Aim of the task - Make an exact copy of the lines from the top of the entries below through the line with "met pontilmerk |". Leave all pictures out.

Stored dataset items:
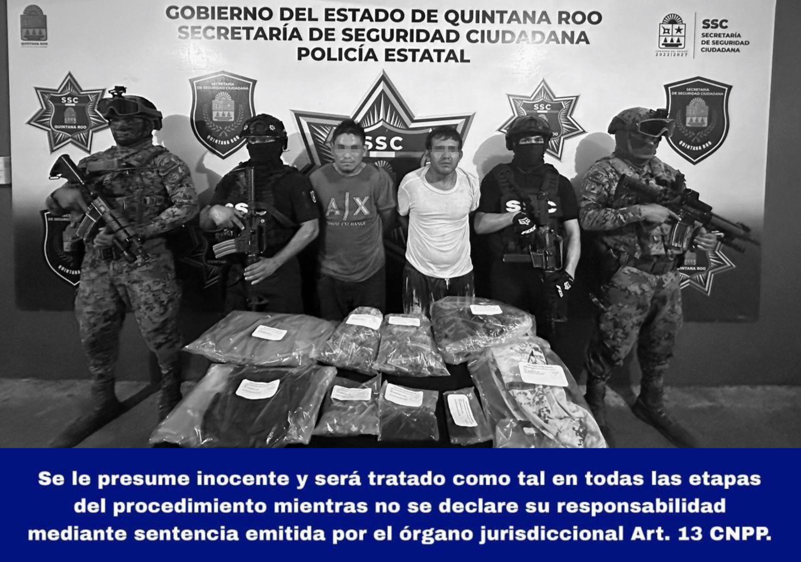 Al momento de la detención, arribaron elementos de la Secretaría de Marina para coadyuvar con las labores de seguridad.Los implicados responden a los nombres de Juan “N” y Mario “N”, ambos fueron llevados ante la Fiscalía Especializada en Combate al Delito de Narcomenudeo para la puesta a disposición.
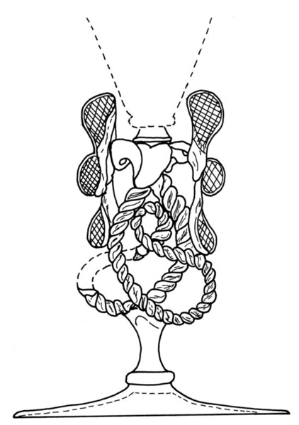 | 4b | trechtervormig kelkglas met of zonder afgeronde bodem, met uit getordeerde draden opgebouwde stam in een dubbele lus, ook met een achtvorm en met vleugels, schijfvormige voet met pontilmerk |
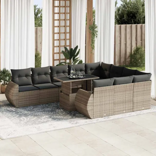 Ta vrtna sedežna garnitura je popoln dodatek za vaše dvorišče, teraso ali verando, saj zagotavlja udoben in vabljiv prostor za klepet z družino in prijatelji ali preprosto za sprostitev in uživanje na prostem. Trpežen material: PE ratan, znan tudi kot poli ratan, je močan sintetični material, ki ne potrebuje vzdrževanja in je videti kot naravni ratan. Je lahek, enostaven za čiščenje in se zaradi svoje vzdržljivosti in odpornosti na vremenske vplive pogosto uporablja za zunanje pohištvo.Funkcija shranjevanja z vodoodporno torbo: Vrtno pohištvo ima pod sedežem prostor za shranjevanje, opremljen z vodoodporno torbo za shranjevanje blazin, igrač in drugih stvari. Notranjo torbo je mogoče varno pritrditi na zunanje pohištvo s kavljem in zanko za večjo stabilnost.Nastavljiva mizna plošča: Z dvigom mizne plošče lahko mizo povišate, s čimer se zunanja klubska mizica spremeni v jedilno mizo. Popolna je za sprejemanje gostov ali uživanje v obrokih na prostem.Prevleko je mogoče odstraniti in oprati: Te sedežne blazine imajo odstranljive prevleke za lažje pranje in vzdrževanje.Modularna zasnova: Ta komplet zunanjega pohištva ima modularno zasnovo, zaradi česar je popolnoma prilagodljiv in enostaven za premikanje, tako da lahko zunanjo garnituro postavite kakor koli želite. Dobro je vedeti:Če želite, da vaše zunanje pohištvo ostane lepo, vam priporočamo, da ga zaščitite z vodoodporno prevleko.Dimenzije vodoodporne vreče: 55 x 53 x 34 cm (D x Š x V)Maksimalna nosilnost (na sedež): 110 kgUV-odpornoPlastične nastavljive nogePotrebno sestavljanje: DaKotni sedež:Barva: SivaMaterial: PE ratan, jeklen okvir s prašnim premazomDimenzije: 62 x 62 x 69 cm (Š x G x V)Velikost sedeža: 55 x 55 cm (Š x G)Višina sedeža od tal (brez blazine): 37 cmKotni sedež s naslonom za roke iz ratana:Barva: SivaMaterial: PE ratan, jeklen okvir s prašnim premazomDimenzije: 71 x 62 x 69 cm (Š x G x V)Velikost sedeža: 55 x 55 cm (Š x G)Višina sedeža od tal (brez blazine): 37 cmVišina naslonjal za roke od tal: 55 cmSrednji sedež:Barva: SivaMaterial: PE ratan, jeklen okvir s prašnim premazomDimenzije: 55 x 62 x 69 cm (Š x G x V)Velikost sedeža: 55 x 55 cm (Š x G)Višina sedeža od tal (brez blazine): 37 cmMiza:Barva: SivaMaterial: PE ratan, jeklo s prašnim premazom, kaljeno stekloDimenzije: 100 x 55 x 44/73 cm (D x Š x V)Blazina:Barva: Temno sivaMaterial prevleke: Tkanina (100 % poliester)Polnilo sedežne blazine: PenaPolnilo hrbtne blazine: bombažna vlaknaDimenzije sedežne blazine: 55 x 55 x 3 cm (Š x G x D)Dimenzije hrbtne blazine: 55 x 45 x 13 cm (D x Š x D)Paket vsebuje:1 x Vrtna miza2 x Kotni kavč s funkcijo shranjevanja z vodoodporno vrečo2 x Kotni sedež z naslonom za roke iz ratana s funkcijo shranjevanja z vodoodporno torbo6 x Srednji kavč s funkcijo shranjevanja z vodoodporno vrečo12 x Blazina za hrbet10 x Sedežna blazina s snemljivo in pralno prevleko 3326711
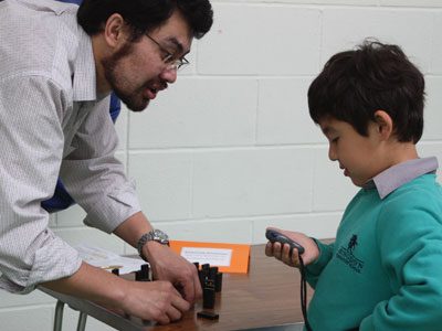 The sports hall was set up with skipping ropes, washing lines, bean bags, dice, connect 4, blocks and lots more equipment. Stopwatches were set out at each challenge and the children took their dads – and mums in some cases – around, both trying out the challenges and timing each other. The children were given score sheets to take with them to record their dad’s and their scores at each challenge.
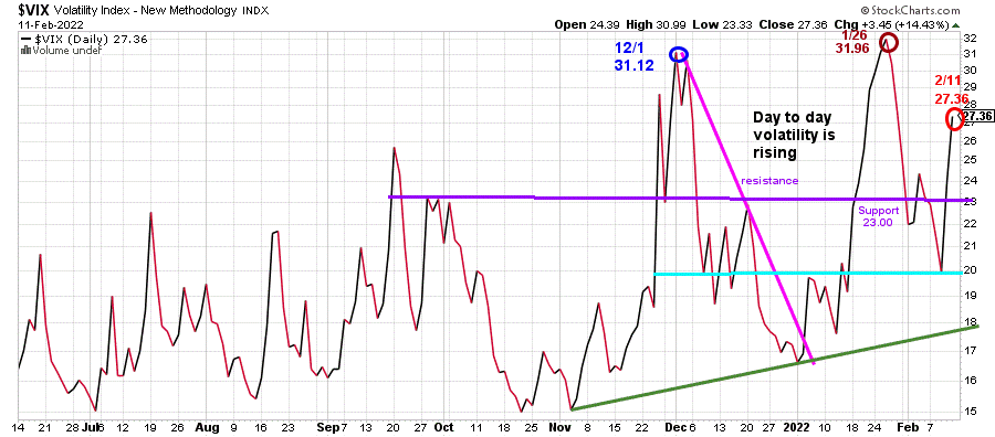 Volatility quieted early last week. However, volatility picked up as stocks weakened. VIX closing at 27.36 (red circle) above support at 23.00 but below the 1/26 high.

Written solution -
 Al momento de la detención, arribaron elementos de la Secretaría de Marina para coadyuvar con las labores de seguridad.Los implicados responden a los nombres de Juan “N” y Mario “N”, ambos fueron llevados ante la Fiscalía Especializada en Combate al Delito de Narcomenudeo para la puesta a disposición.
 | 4b | trechtervormig kelkglas met of zonder afgeronde bodem, met uit getordeerde draden opgebouwde stam in een dubbele lus, ook met een achtvorm en met vleugels, schijfvormige voet met pontilmerk |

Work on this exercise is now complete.